Маленькой крепкой рукой Нур потер нос, потушил сигару о палубу и бросил в воду. Он поднял лежащую рядом бамбуковую флейту, осмотрел ее, но положил обратно.

— Всему свое время, — он взглянул на Фригейта. — Вы чувствуете себя отвергнутым? Я знаю, вас это всегда серьезно ранит, и вы стараетесь избегать подобных ситуаций. Разве не так? Скажем, когда вы стремились попасть на наше судно и встретили отказ… — он погладил флейту и задумчиво продолжал: — Пусть все идет своим чередом. Сегодня вам трудно смириться с моими словами. Но попытайтесь еще раз. Вы сами поймете, когда наступит час.

Фригейт отмолчался. Нур приложил к губам флейту, и в воздухе задрожали печальные звуки, изменчивые, как взлеты и падения судьбы.

Отдыхая, Нур никогда не расставался с инструментом. Случалось, он довольствовался короткими лирическими мелодиями. Иногда он часами не прикасался к флейте; сидел, скрестив ноги и закрыв глаза. Никто не решался обеспокоить его. Фригейт понимал, что маленький араб пребывает в некоем трансе, но лишь однажды осмелился спросить его об этом.

— Вы не поймете… во всяком случае — пока.

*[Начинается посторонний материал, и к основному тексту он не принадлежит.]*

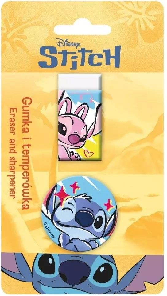 Gumka + temperówka Stitch Beniamin ✅ ✔️ Zestaw z motywem Stitch zawiera gumkę oraz temperówkę. Wyjątkowo giętka i miękka gumka nie pęka, nie twardnieje, nie brudzi się. Temperówka posiada ostrze z stali nierdzewnej. Gumka o wymiarach: 2,1 x 4 x 1 cm Temperówka o wymiarach: 3,5 x 1,7 cm Blister o …
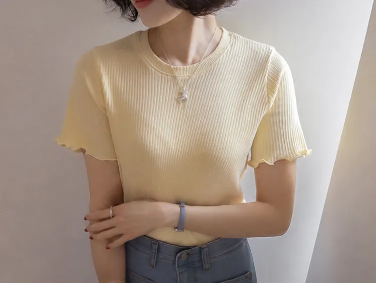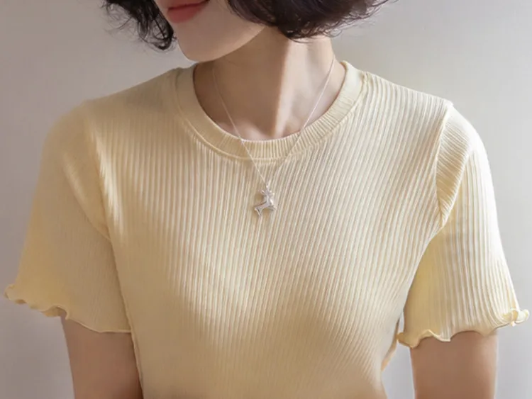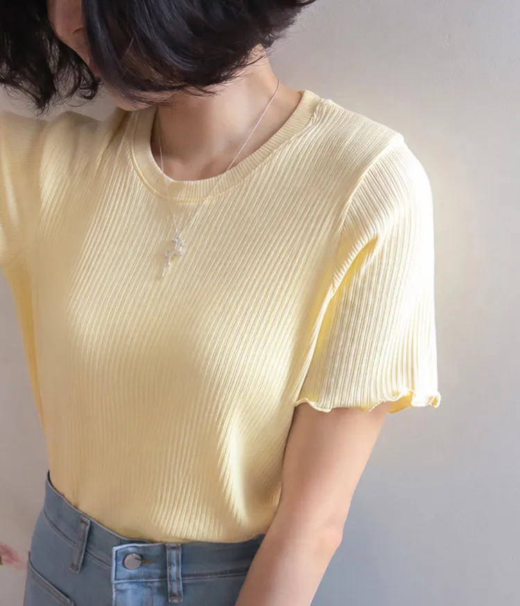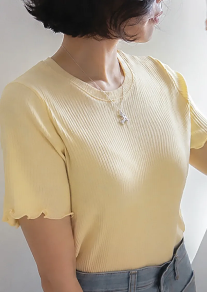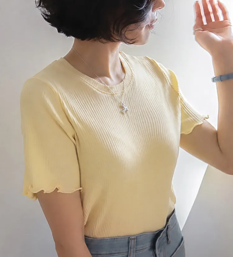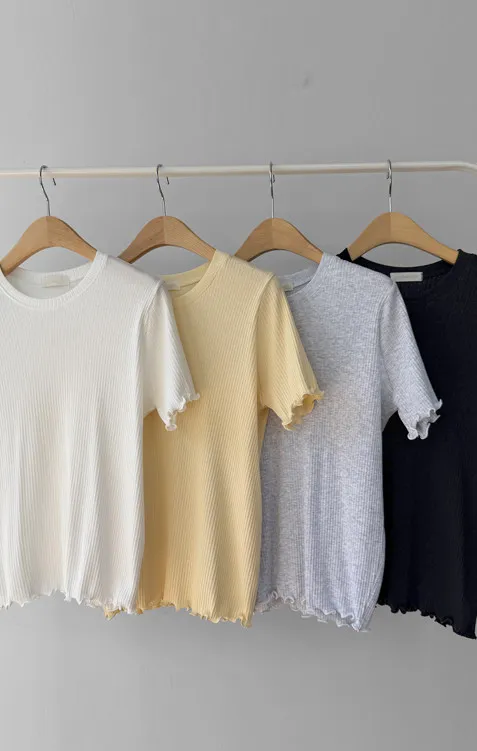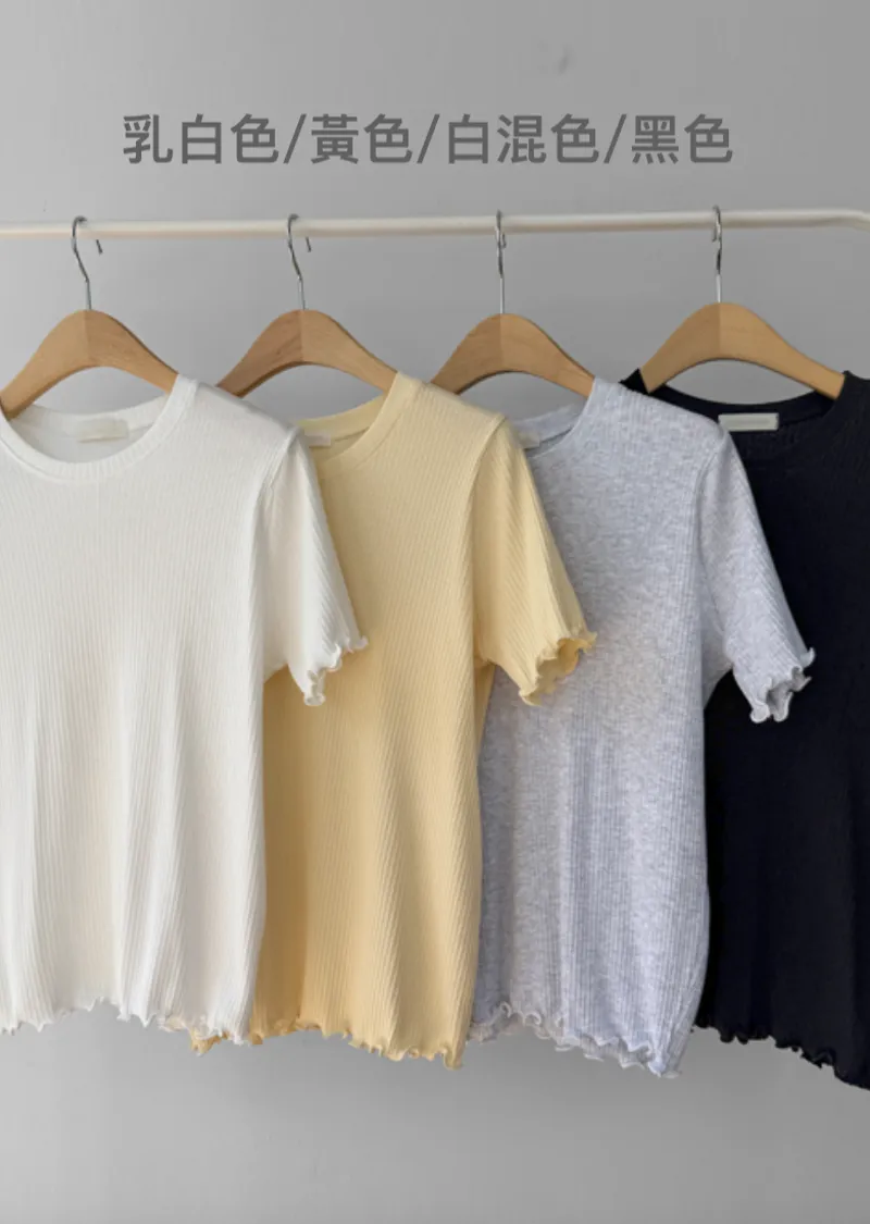 精緻袖末下擺波浪邊線條修身穿搭上衣

Нур-эд-дин ибн Али эль-Халлаг (Свет веры, сын Али-цирюльника) совершенно очаровал Фригейта. Он родился в 1164 году в Кордове, принадлежавшей мусульманам с 711 года. В мавританской Иберии арабская культура достигла невиданного расцвета. По сравнению с мусульманской цивилизацией христианская Европа прозябала во мраке средневековья. Расцветали искусство, наука, философия, медицина. Западные центры арабской диаспоры — Кордова, Севилья, Гренада, как восточные — Багдад и Александрия — не знали соперников в христианском мире; лишь в далекой Азии с ними могли сравниться города Китая.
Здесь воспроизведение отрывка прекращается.